3. Former image processing method - traditional learning method;

4. Explosion of image processing - deep learning method;

5. Analyze the support of cloud AI capabilities;

6. Skill advancement.

The secret behind the circle of friends explosion activities

The following figure is the May Fourth Youth Day event, a face matching game, which uses the algorithm of face recognition. By uploading their own photos, you can match some of the characters from the Republic of China period and share them in an interesting way. To implement this service, a very extensible cloud architecture was adopted.

Tencent Ye Cong: The computer vision technology and application behind the explosion of the circle of friends

So what are the basics needed to do an artistic activity like the one you just did? Let's take a closer look.
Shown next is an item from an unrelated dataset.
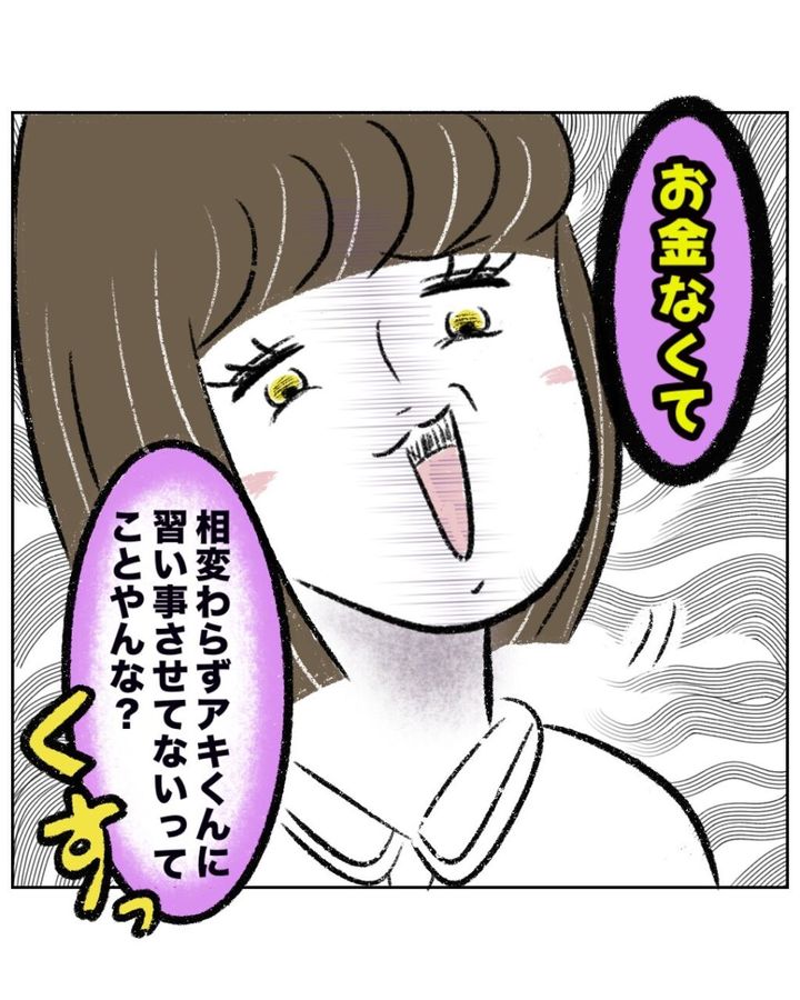 「お金なくて相変わらずアキくんに習い事させてないってことやんな?」と言ってくすっと笑いました。

Fundamentals of Computer Vision

1. Computer Vision Definition

Computer vision is the study of how to obtain high-level, abstract information from images and videos. From an engineering perspective, computer vision automates the task of mimicking vision. Computer vision includes the following branches: Instance Recognition, Object Detection, Sementic Segmentation, Motion & Tracking, 3D Reconstruction, Visual Question & Answering, Action Recognition, etc.

As computer vision has slowly matured, it can disrupt more and more areas. Basically, what we can identify with the human eye and traditional methods, computer vision will gradually change. The picture on the left is more common face recognition, such as our current variety of face shopping, brush face into the park, this brush face is actually recognition (recognition), according to some of the feature points of our face, face matching, you can know who it is.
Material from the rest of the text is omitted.